5 Retrieving Climate Data

Every biome classification in this document begins with two climate numbers: an annual mean temperature and an annual precipitation for a place. This chapter covers how to get those numbers. The get_climate() function takes one or more coordinate pairs and returns the climate values at each.

Before the function itself, a few words on where the climate data comes from. WorldClim, the source get_climate() draws on, is a real departure from how ecologists have traditionally obtained climate data, and the departure is worth understanding.

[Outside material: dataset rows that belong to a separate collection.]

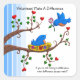 "If you're not making a difference, what difference do you make?" ~Daniel J. Radcliffe. A warm and colourful sticker design with a pair of bright blue birds, colourful tree branches and leaves, a lovely flowered nest, and inspiring words. Customize by changing the text field if you'd like to express your own thoughts, or leave as shown. Would make a great "thank-you" gift for a special volunteer.
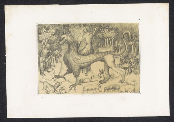 Editor: So, this is *Spazierfahrt*, or "Going for a Drive," a woodcut made between 1902 and 1918 by Maria Uhden. The stark black and white really leaps out, creating a simplified scene that feels both idyllic and a bit unsettling. What catches your eye in this print? Curator: The bold simplification, you're right, lends itself to potent symbolic interpretation. Note how the horse and carriage occupy a commanding space, contrasting sharply with the subtle figures riding. Does that tension spark anything for you, perhaps relating to power, status, or even social expectations within that era? Editor: It does seem like there's a real contrast in the weight given to the natural world and the figures within it. Is that a typical theme for artists from the German Expressionism movement? Curator: The natural world as a conduit for emotional and psychological states certainly is. Consider how Uhden uses the stark lines to define not just shapes, but also a mood. The dark woods, the racing deer – do those not suggest hidden desires or repressed anxieties bubbling beneath the surface of civilized society? What memories are encoded within the horse and carriage? Editor: That's fascinating! It's like the idyllic scene is just a mask for something deeper and more complex. Curator: Precisely. The power of images lies in their ability to convey complex ideas through accessible forms. So much historical baggage rests on the most casual representation of leisure and the natural world. Has this changed how you interpret other woodcuts, or even other artwork of this period? Editor: Definitely. I’ll be looking closer at how artists use simplified forms to create powerful symbolic meanings. Thank you! Curator: And I shall think of the racing deer as a symbol of the anxieties that art allows us to face head-on.
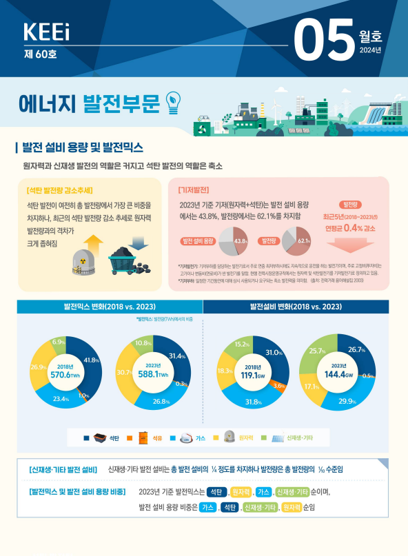 에너지 발전부문 : 발전 설비 용량 및 발전믹스

5.1 Where climate data comes from

For most of the history of ecology, climate data came from weather stations. Using it meant finding the right station, downloading its high-frequency records (often daily), and aggregating those records to the timescale the analysis needed, usually monthly or annual averages. This worked, but it had real limitations. Weather stations are unevenly distributed: dense in populated and agricultural regions, sparse in deserts, mountains, and the high latitudes. The periods of record vary from station to station, so two nearby stations might cover different decades. And for a remote location, or for an analysis spanning a large area, there might be no well-placed station at all. The data existed, but getting consistent climate values for an arbitrary point on Earth was genuinely hard.

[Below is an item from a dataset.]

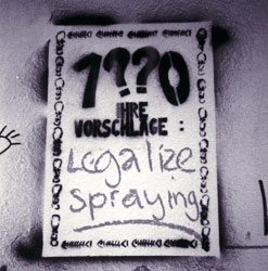 Stencil graffiti(?)Plougher PowerBasel City TheatreBasel, Switzerland1989destroyed [german] translates: «1??0 Your proposals:» and somebody wrote underneath: «Legalize Spraying»

WorldClim takes a different approach. Rather than serving station records directly, it interpolates them into continuous global surfaces. The current version, WorldClim 2.1, is built from the records of somewhere between 9,000 and 60,000 weather stations (the count varies by climate variable). Those station records, all covering the 1970–2000 period, are interpolated across space using a thin-plate spline method, with covariates that improve the interpolation where stations are sparse: elevation, distance to the coast, and satellite measurements of land surface temperature and cloud cover from the MODIS platform. The satellite covariates matter most in exactly the data-poor regions where station interpolation alone would struggle.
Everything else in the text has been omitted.